Viorica Dancila was already in Siberia.

She served as Romania’s first woman prime minister until she was ousted in a no-confidence vote in Nov. 2019 after almost 21 months.

She chaired the Social Democratic Party and ran for president where she was trounced by President Klaus Iohannis, winning just 33.91% of the vote. It was of the worst scores in a runoff since communism ended and a big embarrassment for Romania’s biggest party.

From there on, it was the Russian winter for the Romanian politician.

She was prized out of the leadership of the Social Democrats and, because she wasn’t a lawmaker, was forced to exit public life.

That was until the upcoming parliamentary elections when she failed to be nominated by the Social Democrats to run for a seat in Parliament. The party was loath to promote a protegee of former Social Democrat leader, Liviu Dragnea who’s serving a 3 ½ year sentence for having two party members paid by a state agency for fake jobs.

There are reports that Mr. Dragnea made calls from his prison cell to stop her running for Parliament, annoyed that his cipher hadn’t passed an amnesty when she was in office which would have spared him jail.

Not having much success in returning to public life in Romania, Viorica Dancila _never considered a reformer and at times angry with European Union demands to pass laws to crack down on high-level corruption_ returned to the public eye this week putting her name to an editorial in the Jerusalem Post.

The op-ed caused ripples, not merely because it was unexpected, but because she positioned herself as a former leader asking Europe to recalibrate its relations with Russia, currently under widespread EU sanctions over its illegal annexation of Crimea.

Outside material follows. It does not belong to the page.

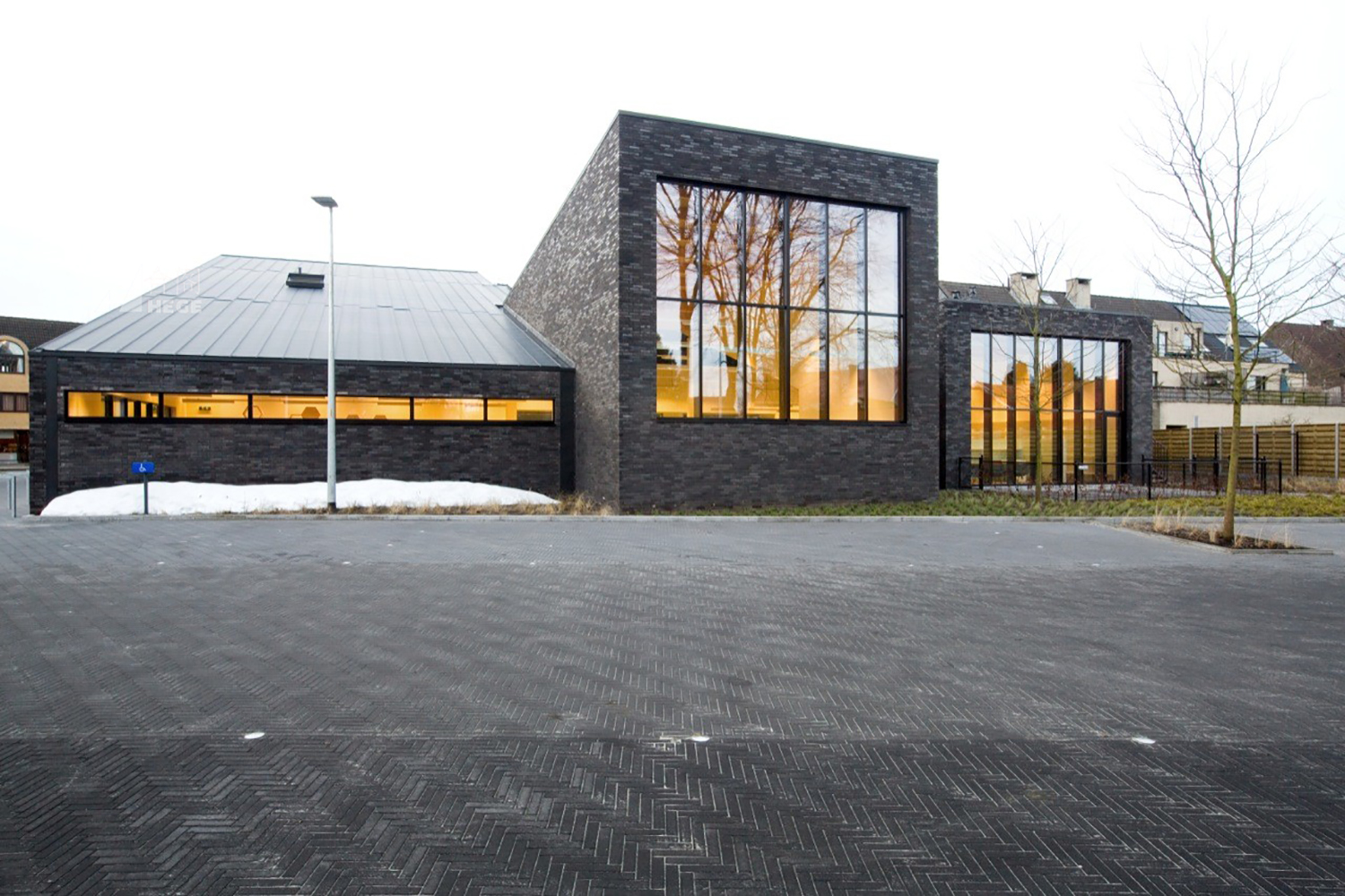 設(shè)計體現(xiàn)了對建筑尺度的感知,建筑的體量被細(xì)分成規(guī)模較小的部分,更好反映了當(dāng)?shù)氐慕ㄖ愋停@種類型與單個塊體相反。建筑看起來像一系列獨立部分,每個部分有自己的屋頂輪廓和特性。出現(xiàn)在每個獨立單元前后的有大型窗戶也標(biāo)明了分區(qū)。高標(biāo)準(zhǔn)建筑隔熱、高性能熱窗和太陽能電池板使建筑K值能達(dá)到31。白天使用置換通風(fēng),而晚上采用自然通風(fēng)。屋頂?shù)奶柲茈姵匕迕磕昴墚a(chǎn)生大約8.7千瓦時電能。

The op-ed which is contradictory at times_ almost as if the writer doesn’t dare state outright their support for Moscow_ doesn’t appear to be a translation from Romanian.

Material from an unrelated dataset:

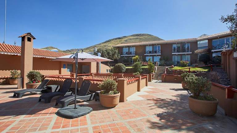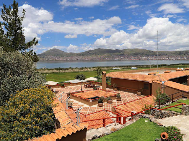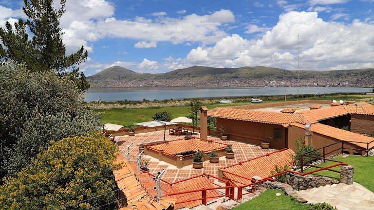 Das Hotel Casa Andina Private Collection Puno befindet sich in Puno, Peru, mit herrlichem Blick auf den Titicacasee und die umliegenden Berge.

I doubt that Ms. Dancila wrote it: it’s more likely penned by a professional writer, although she was consulted for one banal anecdote which says more about middle-aged people in any country than any insight into the Russian mentality.  

Who wrote it is unimportant, but why it was published, who it serves, and what comes next are of interest.

Is Viorica Dancila lobbying for the Kremlin?

The op-ed clearly serves Russia and as an ex-prime minister, no longer holding office, Viorica Dancila is freed from constraints can lend her voice to anything cause she sees fit.

I imagine that Viorica Dancila is simmering with frustration over her treatment by the Social Democrats, and rightly so, some would say.  

She would have readily agreed to her name being put to an op-ed in the respectable publication on a pan-European issue.

But Romania is a member of NATO and the European Union which are wary of Russian activity near their borders. The EU placed widespread sanctions on Russia in 2014 over its annexation of Crimea. Romanian relations with Russia are prickly.

Now we have Viorica Dancila with another perspective, and an on the table approach.

It’s reminiscent of Gerhard Schroeder, the former German chancellor, who is chairman of the board of directors of  the North Stream 2 and also holds other posts in Russia.

 Is Viorica Dancila lining herself up for a similar job or does she want to act as a roving pro-Russian influencer?

At home, the op-ed has raised concerns about who else supports her in Romania, where the Russians are generally feared, even loathed.

The Social Democratic Party, a re-re-re invention of the defunct the Communist Party, has occasionally put forward a more nuanced position with Russia.

“The Social Democrats has a long tradition of flexibility in Russian matters, going back even before 1989, wrote Iulian Fota, a national security expert and former presidential adviser.

Is Viorica Dancila “capable of protecting Romania’s state secrets she had access to,” as prime minister, Iulian Fota wrote on Facebook.

“The problem with what she wrote is not what she said but the “people around her and the scheme that was put in place for her to make such declarations,” he said.

Who is behind Viorica Dancila and what plans do they have in these uncertain times?